The name evolved from the Greek word “pepon”, meaning large melon–and it does look like a melon. It morphed into the French “pompon”–and it does look a bit like those things cheerleaders hold in their hands and wave. The English changed that to “pumpion”, which is what Shakespeare called it in THE MERRY WIVES OF WINDSOR (if you haven’t seen it, see it), and American colonists, who just had to be different, changed it to pumpkin.

Pumpkins are high in Vitamin A, potassium and fiber, and are good for you, unless you cook them properly.

This very cool recipe is adapted from THE ART OF AMERICAN INDIAN COOKING by Yeffe Kimball and Jean Anderson, in the chapter on The Woodsmen of the East. This is one of the ways the English settlers learned to cook “pompions”, although they baked them in hot ashes rather than in an oven:

Baked Pumpkin

  • 1 small pumpkin (a pie pumpkin)
  • 2 Tbs honey
  • 2 Tbs apple cider
  • 2 Tbs melted butter or margarine

Cut off top of pumpkin and scoop out strings and seeds. Mix remaining ingredients and pour into hollow pumpkin, brushing up onto sides. Put top back on.
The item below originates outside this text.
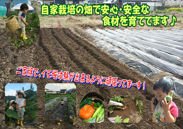 今年から借りている農地は、新店舗から約100mの所にあり、現在サツマイモ等を育てております。興味がある方には「イモ堀体験」もできるようにしてまいりたいと思います。

Put pumpkin on pie pan and bake at 350 F for 2 hours or so, basting with honey/cider mixture every 30 minutes. After 2 hours, poke flesh with fork to test tenderness. Continue cooking until done.

A WRITING PROMPT FOR YOU: Write something with pumpkins in.



I was born in Louisville, Kentucky, but now live in the woods in southern Indiana. Though I only write fiction, I love to read non-fiction. The more I learn about this world, the more fantastic I see it is.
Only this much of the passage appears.